For 3QFY21, KOTAKB’S profit of Rs 18.5bn, up 16%YOY, was under estimate due to greater credit expenses. High slippages & rise in SMA2 loans had been disappointing- coupled with interest-reversal, this pushed up credit price. We are encouraged to see 22% rise in Casa to 59% of deposit and enhanced lending appetite & demand (loans up 5% QoQ ). While we watch out for asset high-quality, we think enhanced lending is a superior barometer of mgt.’s threat assessment. MaintainInvest in.
Higher slippages from unsecured loans a tad disappointing. Kotak bank saw comparatively greater slippages throughout 3Q, mainly emanating from unsecured loans. Slippages rose by 88% YoY (which includes standstill loans) and this lifted proforma gross NPLs to 3.3% of loans-highest because 1QFY11. Even SMA-2 loans rose from .06% of loans in 2Qto .3% in 3Q .At the similar time, the extent of restructuring was low at .3% of loans and management reiterated that the high-quality of ECLG loans/borrowers (4.4% of loans linked to+20% of loans) is very good and therefore really should not show weak credit practical experience. NPL coverage ratio (post standstill) at 63% appears decrease, but the bank’s contingent provisions at .6% of loans and26% of gross NPLs look enough. During 3Q, credit expenses rose to 1.2% of avg. loans (incl. reversal of interest revenue)& was a crucial driver of the earnings miss.
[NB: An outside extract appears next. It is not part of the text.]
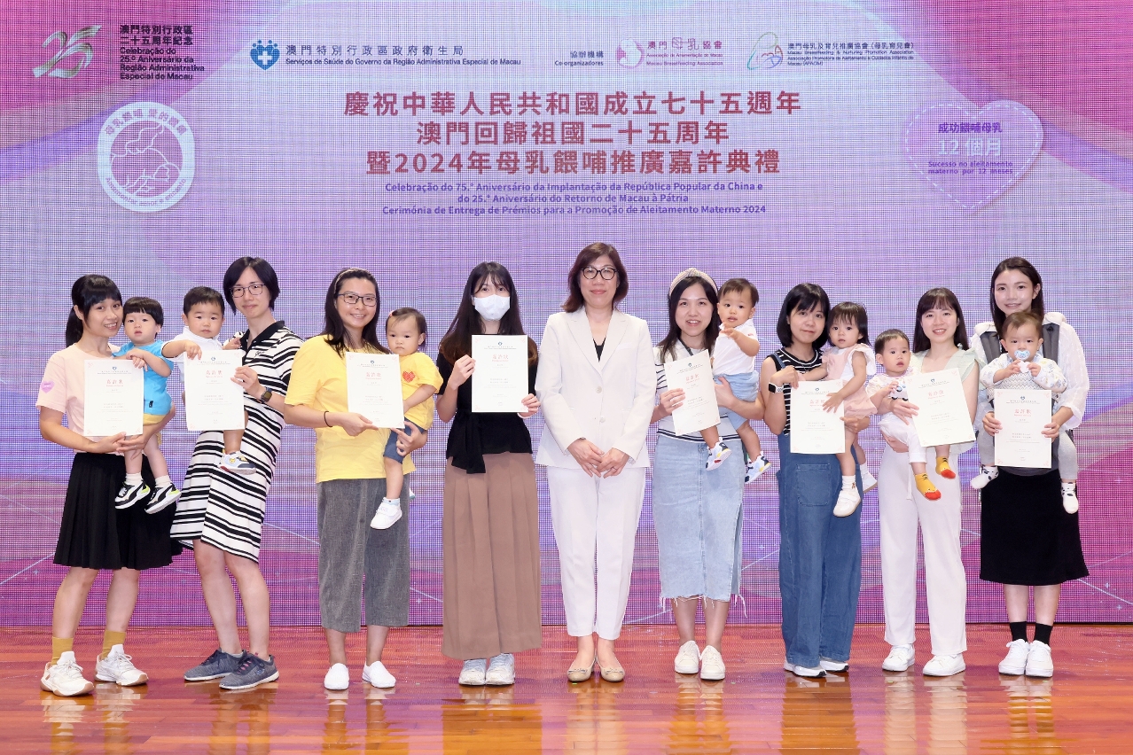 This handout photo provided by the Health Bureau (SSM) yesterday shows eight breastfeeding mothers and their kids who have been breastfeeding for 12 to 24 months, awarded certificates by SSM Acting Deputy Director Loi I Leng (centre) during the bureau’s 2024 Breastfeeding Promotion Recognition Ceremony on Saturday.

Casa strength and uptick in economy driving loan development. Kotak Bank continues to see improvement in deposit franchise with 22% development in Casa deposits to an sector-top level of 59% of deposits. Even the price of savings deposits has declined to 3.8% from 5.2% in March. This along with management’s view of the enhancing economy (and implicit view on asset high-quality) reflects an uptick in loan development to 5% QoQ(-1%YoY). We think that development can continue to strengthen and a fall in funding expenses will aid. Mortgage loans are a crucial segment of lending and bank also highlighted close to normalcy in disbursements in segments like corporate, SME working capital and secured retail (mortgages). Inline operating profit of bank & mixed-bag for subs. Operating earnings rose by 29%YoY and even adjusted for revenue reversal it rose by 22%. Assets grew by 20% YoY with investments developing more rapidly vs. loans, reflecting management’s conservative stance more than the previous handful of quarters.